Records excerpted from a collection

━━━━━━━━━━━━━━━━━━━━

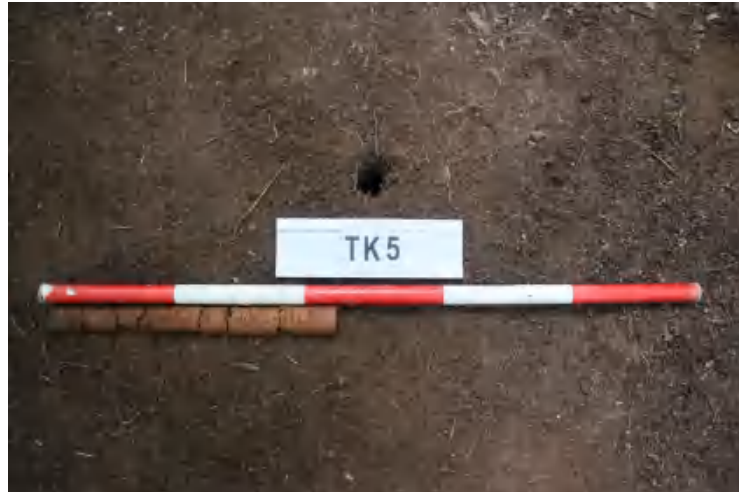
图 38 TK5 土样 (一米标杆, 土样由左往右)

①层: 表土层,深 0-0.2 米,厚 0.2 米,为灰褐色黏土,土质疏松,内含植物根系、砂砾等。以下为红褐色黏土,土质致密,纯净,系生土。
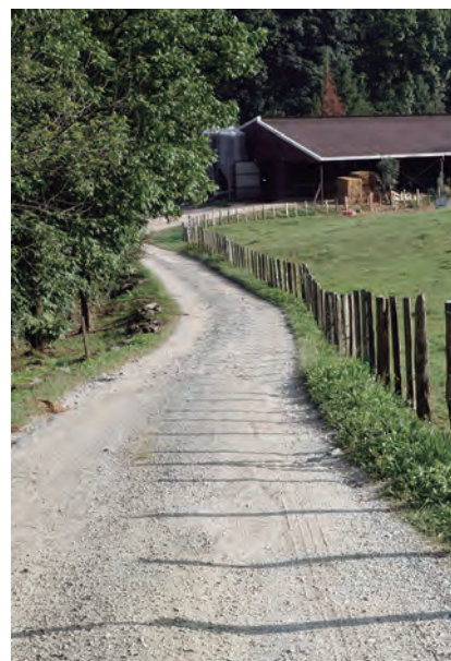
ACCESO A PASTIZALES

Por otra parte, y teniendo en cuenta que a corto plazo se va a poner en marcha la estrategia europea “De la granja a la mesa”, en la que la ganadería extensiva juega un papel crucial, EHNE-Nafarroa entiende que la creación y mejora de las actuales infraestructuras a nivel local (pistas, abrevaderos, cierres, etc.) para poder acceder de manera óptima a los pastos comunales es una inversión que redundará en la sostenibilidad rural y medioambiental.
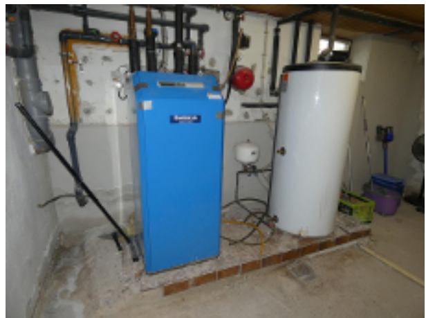
Heizung im Keller
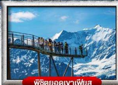
พิชิตยอดเขาเพียส
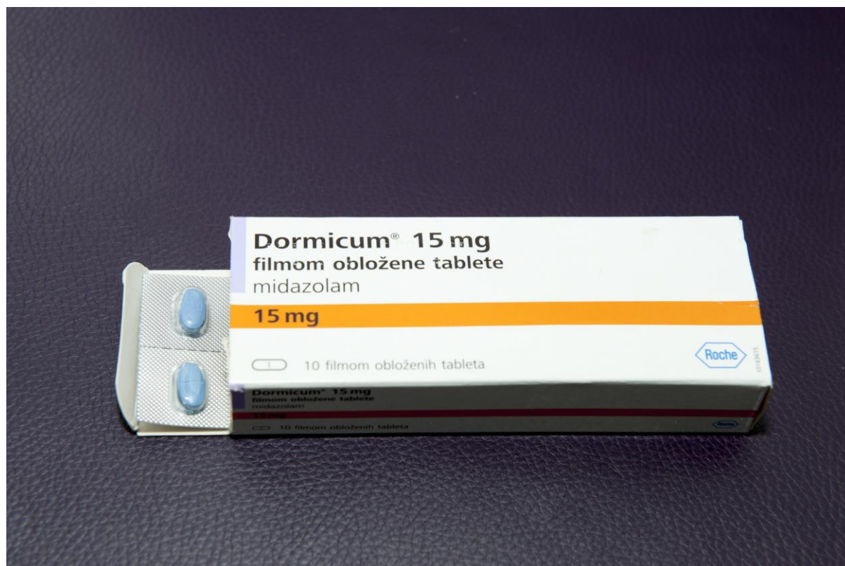
Slika 3. Farmakološka sedacija (midazolam)
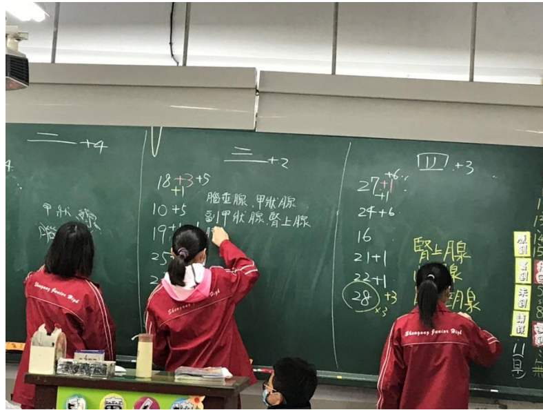
透過實作活動進行教學活動

━━━━━━━━━━━━━━━━━━━━

→ **Exercise goal**
Give every entry again verbatim, with no pictures.

→ **Reply to the exercise**
图 38 TK5 土样 (一米标杆, 土样由左往右)

①层: 表土层,深 0-0.2 米,厚 0.2 米,为灰褐色黏土,土质疏松,内含植物根系、砂砾等。以下为红褐色黏土,土质致密,纯净,系生土。
ACCESO A PASTIZALES

Por otra parte, y teniendo en cuenta que a corto plazo se va a poner en marcha la estrategia europea “De la granja a la mesa”, en la que la ganadería extensiva juega un papel crucial, EHNE-Nafarroa entiende que la creación y mejora de las actuales infraestructuras a nivel local (pistas, abrevaderos, cierres, etc.) para poder acceder de manera óptima a los pastos comunales es una inversión que redundará en la sostenibilidad rural y medioambiental.
Heizung im Keller
พิชิตยอดเขาเพียส
Slika 3. Farmakološka sedacija (midazolam)
透過實作活動進行教學活動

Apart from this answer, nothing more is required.